Here's an interesting site that may help:
When will we know the extent of the injury?

Hope this is beneficial to you, and let me know if you need more clarification.


----------



## Caged Maiden (Mar 23, 2012)

What caused his injury?  Was the coma natural or was he put into a coma so he could heal?


----------



## Kit (Mar 24, 2012)

Head trauma effects are a real grab bag. 

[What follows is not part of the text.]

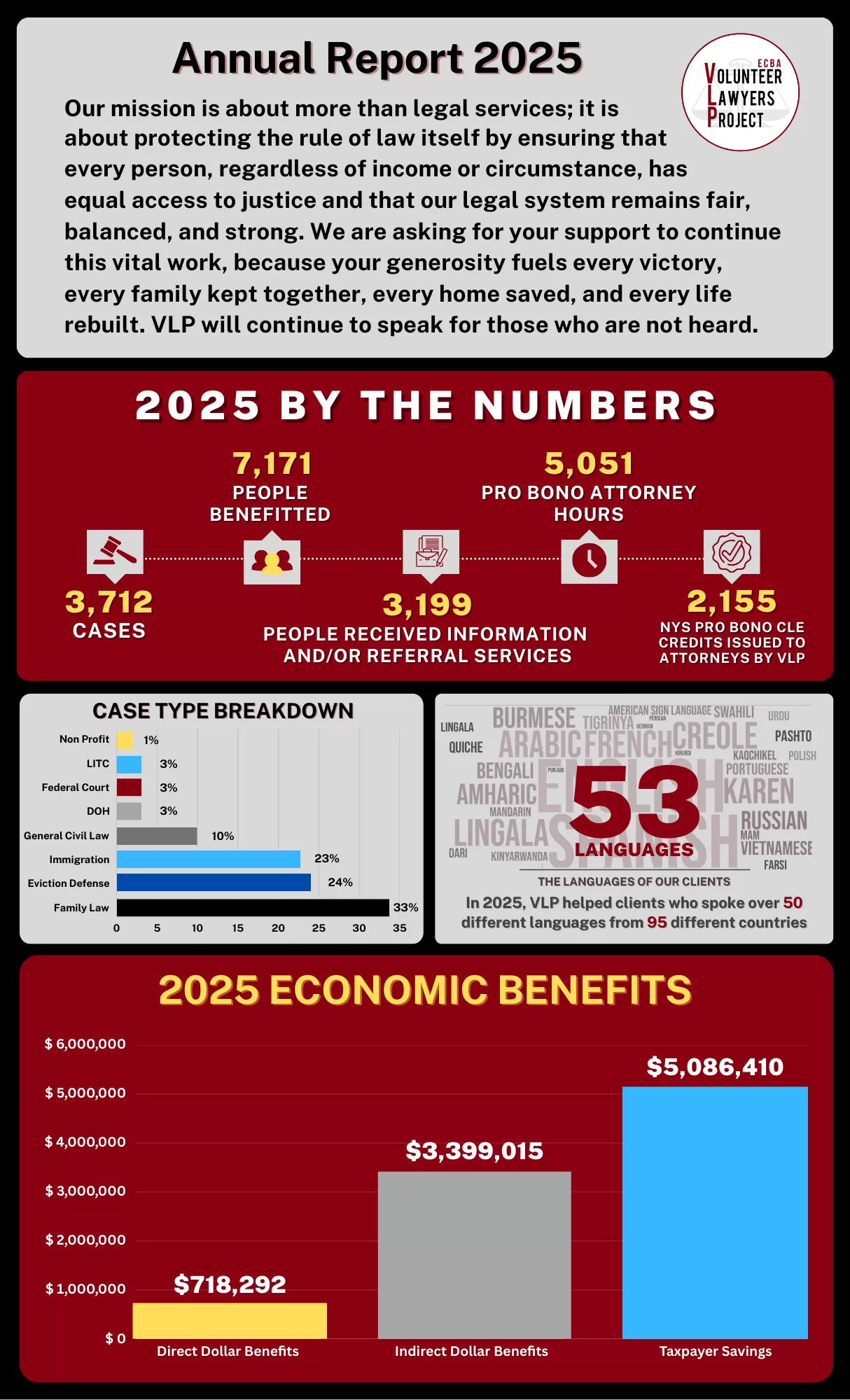 We ask you to help us continue our mission, to stand up for our community members, and to speak for those who are not heard. At VLP, we give a voice to victims of human trafficking and domestic violence. We assist refugees fleeing torture and persecution. Our work benefits clients facing family court issues, matrimonial issues, eviction, and bankruptcy. We could not do this important work without support from donors like you. Here is a sample of the life-changing work we have done this past year: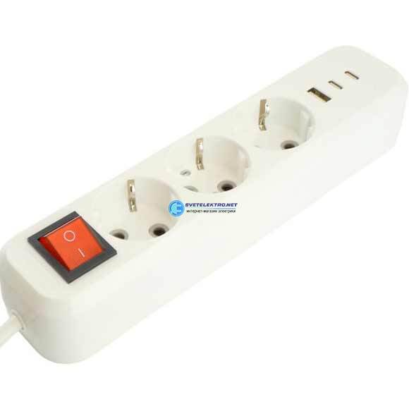 HM071-31-03 Удлинитель 3-местный с/з с выключ. 3x1мм2 3м 250В 16А 1USB+2C 2.4A сер Home белый HM071-31-03 50137 Stekker

It would be reasonable to expect that both level of alertness and clearness of thought- ergo ability to carry on a lucid conversation- would be sketchy for at least a few days after waking up. A nasty headache would probably also be on the menu, not to mention any possible effects of whatever drugs are involved.

It would be reasonable to expect the person to keep falling asleep in the middle of conversations you were trying to have with him; it would also be reasonable to expect that his memory of conversations for the few days *after* waking up would also be a bit dicey.  He might be able to stay conscious for this long exposition you're describing, but I'd be concerned that he may then go to sleep and wake up again 4 hours later and not remember parts of it- or any of it.


----------



## Corvus (Mar 25, 2012)

Let me try and answer you're questions.

Firstly, it's a medieval magic type of world so no IVs or the like just potions and such. I did invent a pain reliving potion (think morphine) that has an ingredient that makes my MC drunk.

He was injured in a battle whit a plant like monster. He got a deep cut to his side, a concussion, a punctured lung and various cuts and bruises. He fell in to a coma before he got to the doctor. Right after he and his friends befitted the monster.

Honestly I was so preoccupied whit how long he could stay awake I haven't even thought  of the fact he may not remember anything anyway. That can potentially cause problems. I need him to know certain things before some people visit him and since they are worried about him it's illogical to haw them go somewhere until he's coherent enough to remember what he needs to know. 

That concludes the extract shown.